A revised method for measuring pollster quality, now published at 538
A few tips for reading 538's updated pollster ratings, and why I think they're so cool
Today at 538 we unveiled our latest set of pollster ratings for the upcoming 2024 general election. This update includes grades for 540 polling organizations based on two key criteria: their empirical record of accuracy and methodological transparency.
Here are the products of all our work: The interactive dashboard for these new ratings is particularly cool. I’m also proud of the extremely detailed public methodology post we put out; If we’re saying that pollsters should show their work, it’s good that we do the same. And be sure to read the announcement article on the ABC News website, which explores the points below in greater detail.
For those wanting a shorter read on all this, here are the highlights:
Methodological Updates
For these new ratings, I developed a new methodology for 538 that ranks pollsters based on their empirical accuracy and methodological transparency. The methodology considers factors such as overall absolute error in past election polls, bias towards a particular party, performance relative to others in the same cycle, recency, sample size, time to the election, and the impact of herding.
1. Accuracy
The accuracy metric now penalizes pollsters showing routine bias towards one party, regardless of their absolute error performance. This means that pollsters who perform well when others perform poorly, without exhibiting a pattern of bias, receive extra credit. The updated accuracy metric also factors in poll recency, sample size, time to the election, and whether we believe a pollster is herding.
2. Methodological Transparency
One of the coolest things we do now is directly measure pollster methodological transparency. To do this, we developed 10 questions to ask about each poll that count for one transparency point each. Then 538’s researchers looked at over 8,000 poll reports to count up how many points a pollster got for that survey. A pollster’s overall score is a weighted average of its transparency across all of its polls, with higher weight for recent polls. This took a ton of effort to collect, so bonus props to 538’s research team.

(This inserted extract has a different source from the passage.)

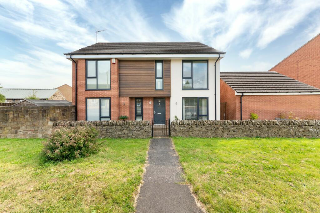 This four-bedroom detached house located on Lee Lane in Royston, Barnsley, presents a modern and well-maintained family home. The property boasts a contemporary design, evident in the high-quality fixtures and fittings shown in the photographs. The interior is bright, spacious, and neutrally decorated. The open-plan kitchen and dining area is a notable feature, perfect for modern living.

POLLSCORE and Transparency Score
The combined metrics of accuracy (which we call POLLSCORE, a silly backronym for “Predictive Optimization of Latent skill Level in Surveys, Considering Overall Record, Empirically”) and transparency are used to generate the final ranks of pollsters we put on our dashboard. These rankings inform two dimensions of pollster quality: those who have performed well and shown their work, those who show their work but perform poorly, those who perform well but don't reveal their process, and bad pollsters.
The Star Grading System
The “ideal” pollster is one who has a long track record of empirical accuracy and who shares a plethora of information about their methods. With that in mind, we can use a mathematical model to measure how far each pollster is from ideal across our two dimensions. We convert the number from our algorithm into a star grading system, with three stars representing the ideal (or, in our case, Pareto Optimal) pollster and 0.5 starts representing the worst.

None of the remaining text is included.